Nothing outside the range is wanted. Repeat exactly the lines below from the one with "[关键词] 皮肤黏膜修复,光声电治疗术后;共识" through the one with "德国ebmpapst R3G310-RS01-I1 风机结构风量图".

BEGIN Data listing

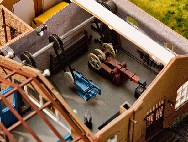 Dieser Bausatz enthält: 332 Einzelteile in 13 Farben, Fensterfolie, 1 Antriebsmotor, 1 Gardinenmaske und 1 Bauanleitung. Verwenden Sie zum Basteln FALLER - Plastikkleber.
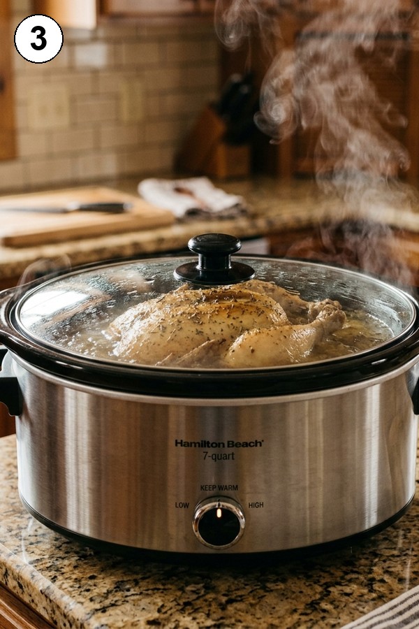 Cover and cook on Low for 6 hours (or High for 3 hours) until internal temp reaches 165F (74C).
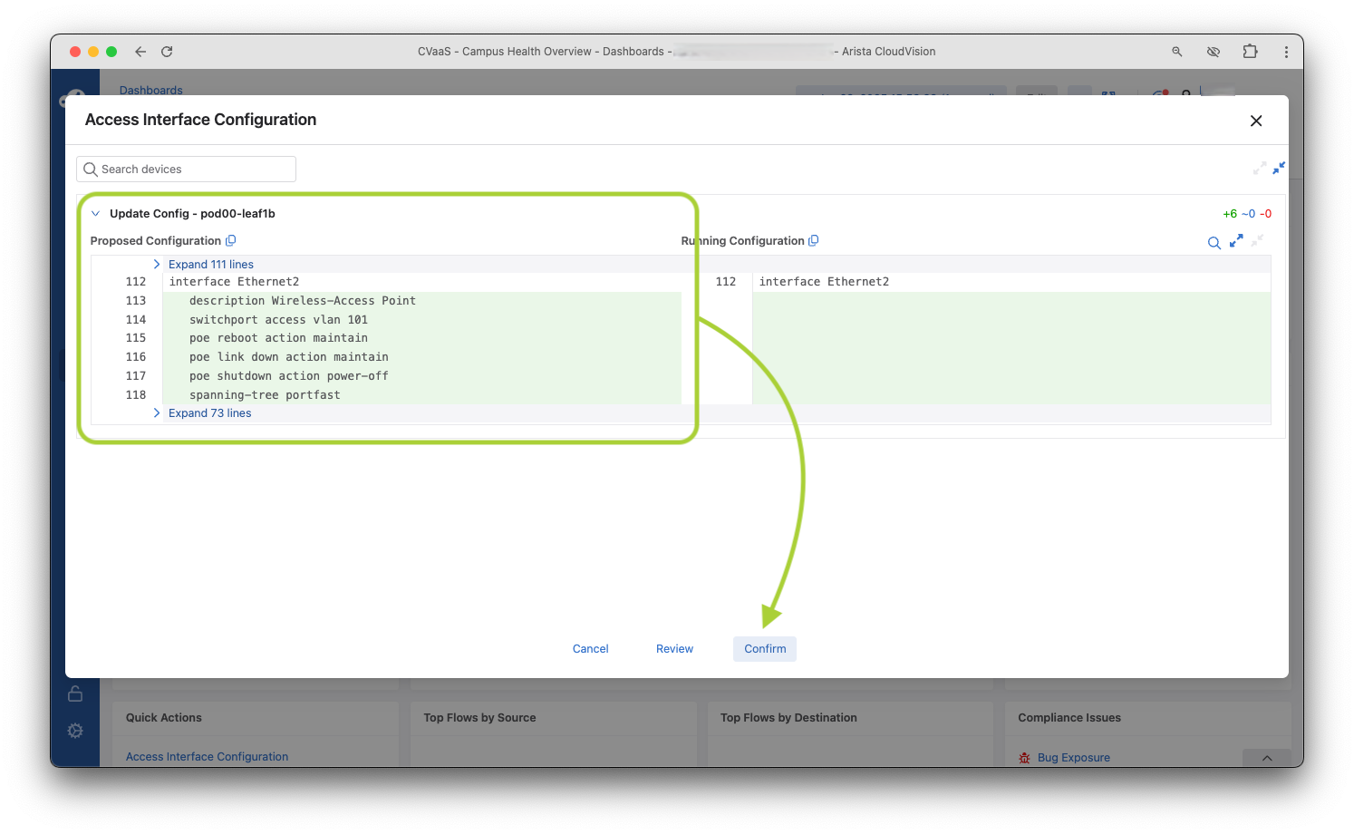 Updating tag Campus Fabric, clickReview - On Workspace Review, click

END Data listing
BEGIN Data listing

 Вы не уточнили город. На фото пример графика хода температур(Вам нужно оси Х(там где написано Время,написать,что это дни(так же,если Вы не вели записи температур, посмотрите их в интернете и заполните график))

END Data listing
BEGIN Data listing

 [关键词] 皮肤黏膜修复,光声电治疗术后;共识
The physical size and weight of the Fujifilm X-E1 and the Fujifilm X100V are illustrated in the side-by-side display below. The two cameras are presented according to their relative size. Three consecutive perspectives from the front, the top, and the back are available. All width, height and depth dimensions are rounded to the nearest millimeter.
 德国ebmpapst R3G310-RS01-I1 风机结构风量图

END Data listing

**Task response:**
 [关键词] 皮肤黏膜修复,光声电治疗术后;共识
The physical size and weight of the Fujifilm X-E1 and the Fujifilm X100V are illustrated in the side-by-side display below. The two cameras are presented according to their relative size. Three consecutive perspectives from the front, the top, and the back are available. All width, height and depth dimensions are rounded to the nearest millimeter.
 德国ebmpapst R3G310-RS01-I1 风机结构风量图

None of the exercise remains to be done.